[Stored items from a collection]
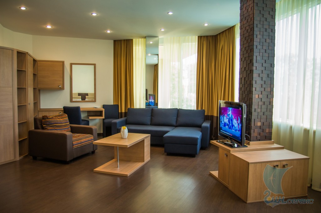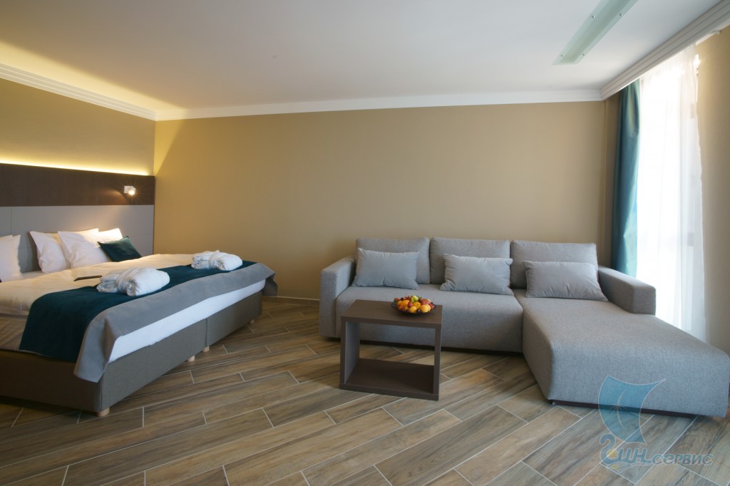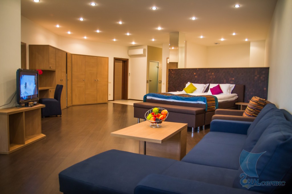 2-местный полулюкс улучшенный Номер с удобствами (санузел,душ,гигиенические принадлежности,фен) В номере: набор мебели, одна двуспальная или две раздельные кровати,телевизор,холодильни.Номер типа «студио» с зоной для отдыха и зоной с ванной-джакузи Вид - дворик с открытым бассейном, солнечная сторона. Площадь: 57м2
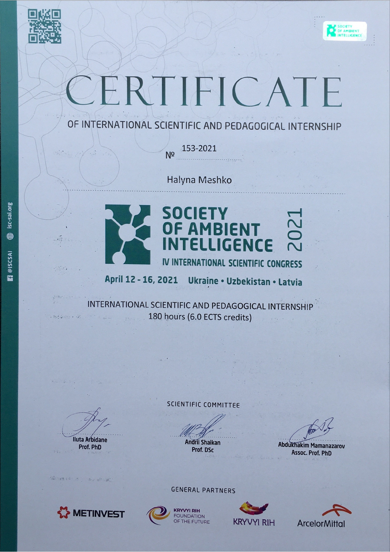Міжнародне науково-педагогічне стажування (Україна-Узбекистан-Латвія), тема стажування: «Society of Ambient Intelligence – 2021», сертифікат, 2021 р.
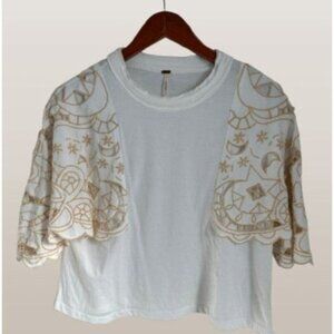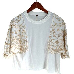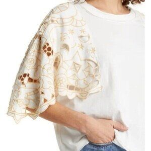 Free People Angel Embroidered Flutter Sleeve Cotton T-Shirt White - XS
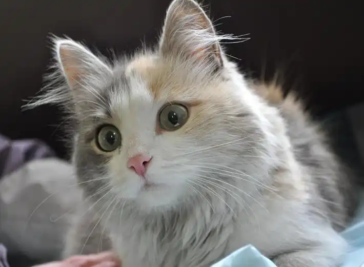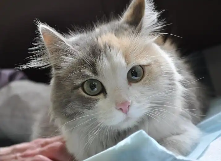 Глория - очень красивая кошечка черепахового окраса, бело-голубо-кремовая, с большими, выразительными глазками и очень милой мордочкой, пушистая, крупная, с эксклюзивными кисточками в ушках. Была найдена под крыльцом жилого дома. Сделана операция по ушиванию грыжи и одновременно стерилизация. Очень ласковая, любит людей, старается находиться рядом с человеком. Питается готовыми кормами, лоток хорошо знает, с другими животными дружит. На фото Глория еще грязная, сейчас она помытая, очень красивая. К сожалению, новых фото пока нет.
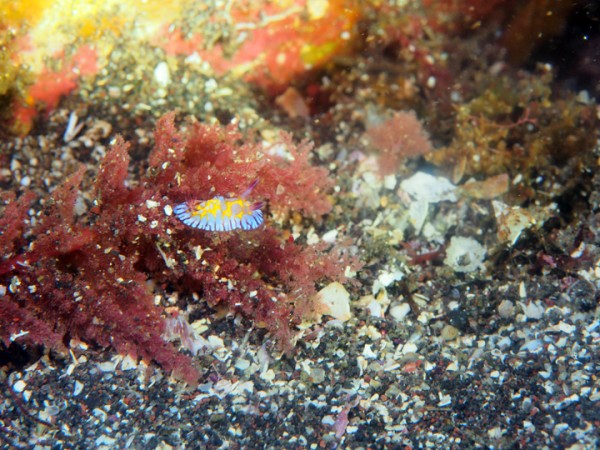 今日の天候は晴れ。風は南西の風が午後からやや吹きましたが全ポイント潜水可能でした。水温は18~19℃、透視度は5~12mで白濁感がややあります。

* **Brief**
The lines from the one containing "Free People Angel" to the last line of the records, both included: print exactly those and nothing else, leaving out any pictures.

* **The completed task**
 Free People Angel Embroidered Flutter Sleeve Cotton T-Shirt White - XS
 Глория - очень красивая кошечка черепахового окраса, бело-голубо-кремовая, с большими, выразительными глазками и очень милой мордочкой, пушистая, крупная, с эксклюзивными кисточками в ушках. Была найдена под крыльцом жилого дома. Сделана операция по ушиванию грыжи и одновременно стерилизация. Очень ласковая, любит людей, старается находиться рядом с человеком. Питается готовыми кормами, лоток хорошо знает, с другими животными дружит. На фото Глория еще грязная, сейчас она помытая, очень красивая. К сожалению, новых фото пока нет.
 今日の天候は晴れ。風は南西の風が午後からやや吹きましたが全ポイント潜水可能でした。水温は18~19℃、透視度は5~12mで白濁感がややあります。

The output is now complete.